At the end of the examination (i.e., gastroscope extraction), MAP increased in the EA, D, and EA+D groups. Although MAP was lower in the EA+D group than in the EA and D groups, the difference was not statistically significant (P>0.05). This suggests that MAP increased similarly in all patients upon gastroscope extraction after the end of the gastroscopy, and that none of the three treatment measures (EA, dyclonine hydrochloride mucilage, and a combination of the two) was able to effectively control this increase (Figure 5A).

Figure 5 Changes in MAP, HR and SpO₂ at the end of gastroscopy (i.e., gastroscope extraction): (A) MAP (mmHg), PEA-D=0.784, PEA+D-D=0.012, PEA+D-EA=0.012; (B) SpO₂ (%), PEA-D=0.01, PEA+D-D=3.2e-11, PEA+D-EA=3.5e-06; (C) HR (sub/min), PEA-D=0.56691, PEA+D-D=0.00015, PEA+D-EA=2.1e-06. All data were obtained using an ECG monitor, and all data results were expressed as mean ± standard deviation (x±SD). Comparison of MAP (mmHg) among the three groups: comparison of the EA+D group with the EA and D groups: n.s. P>0.05. Analysis of HR (sub/min) and SpO₂ (%): comparison of the EA+D group with the EA and D groups: *P<0.01; comparison of the EA+D group with the EA and D groups: n.s. P>0.05.

SpO₂ increased in the EA, D, and EA+D groups at the end of the examination (i.e., gastroscope extraction). Although SpO₂ decreased to a certain extent in the EA+D group at gastroscope extraction, the level in this group remained significantly higher than the levels in the EA and D groups (P<0.01). This suggests that, by preventing or retarding the decrease in SpO₂, EA combined with orally administered dyclonine hydrochloride mucilage may better prevent the above-mentioned side effects in patients during an examination than either treatment alone (Figure 5B).

HR significantly increased in all three groups at the end of the examination (i.e., gastroscope extraction); however, HR was significantly lower in the EA+D group at gastroscope extraction than in the EA and D groups (P<0.01).
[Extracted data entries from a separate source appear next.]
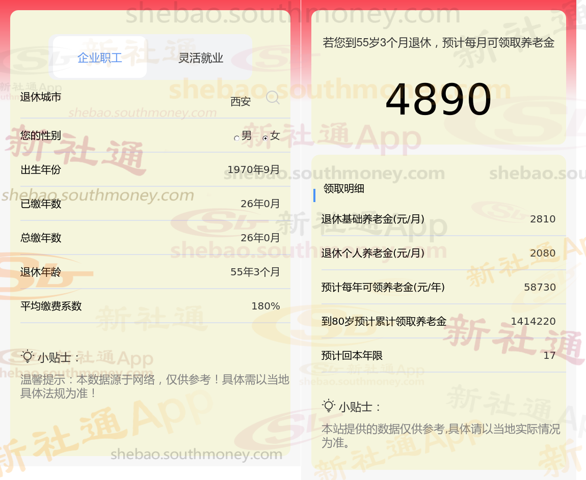 亲戚刘某退休城市在陕西西安,性别:女,出生年份:1970,总缴年数26年,缴费档次:180%,新社通app养老金计算器所得:
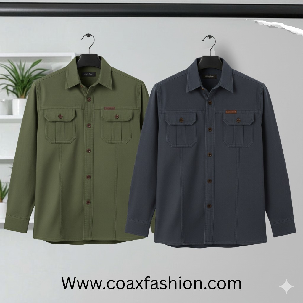 2 pc combo double Pocket Full Sleeves Panel Shirt - 1022
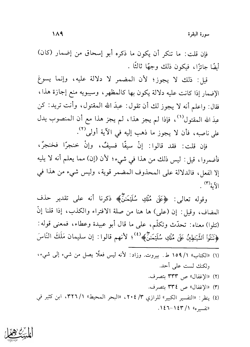 قيل: ذلك لا يجوز؛ لأن المضمر لا دلالة عليه، وإنما يسوغ الإضمار إذا كانت عليه دلالة يكون بها كالمظهر، وسيبويه منع إجازة هذا، فقال: واعلم أنه لا يجوز لك أن تقول: عبدَ الله المقتول، وأنت تريد: كن عبدَ الله المقتول (¬1)، فإذا لم يجز هذا، لم يجز هذا مع أن المنصوب يدل على ناصبه، فأن لا يجوز ما ذهب إليه في الآية أولى (¬2).
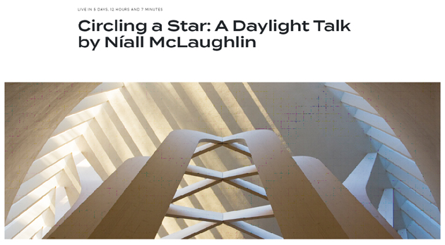 เชิญผู้สนใจร่วมฟังบรรยาย ในหัวอข้อ Circling a Star : A Daylight Talk โดย Níall McLaughlin สถาปนิกชาวอังกฤษผู้ก่อตั้งบริ

This suggests that EA combined with orally administered dyclonine hydrochloride mucilage, by preventing or retarding the acceleration of HR in patients, may better prevent side effects during examination (Figure 5C).

Comparison of VAS scores of nausea and emesis among the three groups

VAS scores of nausea and emesis after the examination

The results of comparison between the three groups reveal that the VAS scores were lower in the EA+D group than in the EA and D groups (P<0.01), but that there was no statistical difference between the D and EA groups (P>0.05; Figure 6).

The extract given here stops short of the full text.